Kobe Abes „Der verbrannte Stadtplan“ beginnt wie eine klassische Detektivgeschichte: Der private Ermittler und Ich-Erzähler erhält den Auftrag, nach dem vermissten Ehemann von Frau Nemuro zu suchen. Auf dem Weg zu einer Aktenübergabe ist der leitende Angestellte plötzlich spurlos verschwunden. Die Anhaltspunkte sind mehr als spärlich: Dem Detektiv stehen gerade einmal ein Passfoto und eine Streichholzschachtel als Hinweise zur Verfügung.

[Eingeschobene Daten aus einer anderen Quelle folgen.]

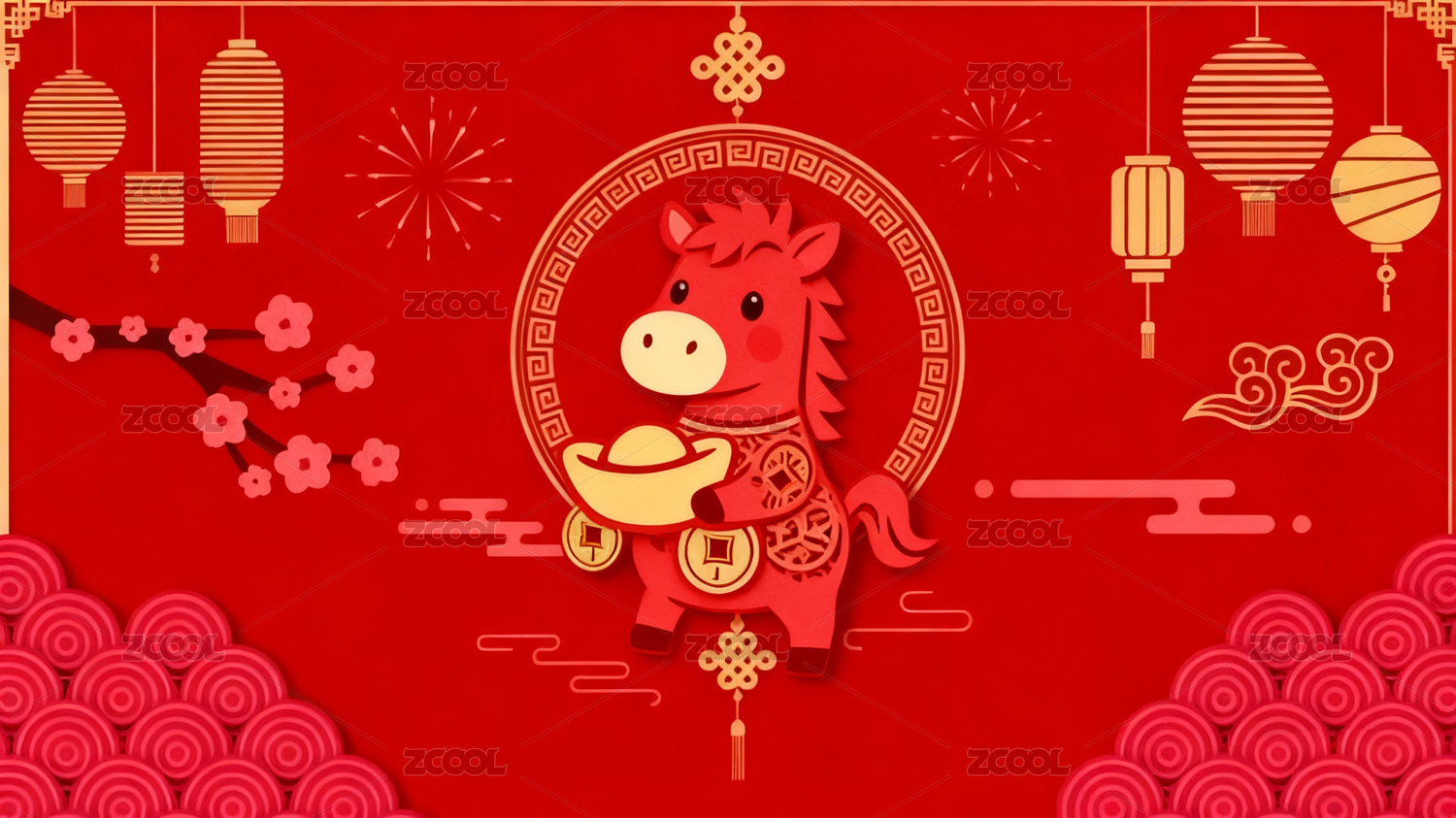 2026中国风生肖动物马的春节节日设计

Weder eine Geliebte noch Probleme in der Arbeit scheinen für ein freiwilliges Verschwinden von Herrn Nemuro zu sprechen. Der Ermittler kann ein Verbrechen nicht mehr ausschließen, spätestens als der zwielichtige Bruder der verlassenen Ehefrau und damit Schwager des Vermissten auf dem Parkett erscheint.
Doch Kobo Abe wäre nicht Kobo Abe, wenn es ihm nur um einen harmlosen Kriminalroman ginge. Erneut ist die Stadt, das Labyrinth der wachsenden Metropole, sein Thema. Die Bewältigungsstrategien in diesem Labyrinth sind von Großstadtbewohner zu Großstadtbewohner unterschiedlich: Die einen bringen den Mut auf, von heute auf morgen zu verschwinden und alles zurück zu lassen. Die anderen scheitern am Ziel, von anderen beachtet zu werden und flüchten in den Selbstmord. Die nächsten igeln sich zu Hause ein und leben in ihrer eigenen Phantasiewelt. Wiederum andere glauben, das System kriminell ausnutzen zu können und werden schließlich Opfer der Gewalt, die sie selbst herausgefordert haben. Und der Ich-Erzähler, der ebenfalls eine verlassene Seele ist, wird mit einer ganz anderen Art des Ausscheidens aus dem Alltag konfrontiert.
„Der verbrannte Stadtplan“ ist weit weniger phantastisch als „Die Känguruhhefte“ und „Der Schachtelmann“, dafür aber sehr viel zugänglicher, ohne auf den Anspruch an den Leser zu verzichten, die Handlung für sich selbst deuten zu müssen.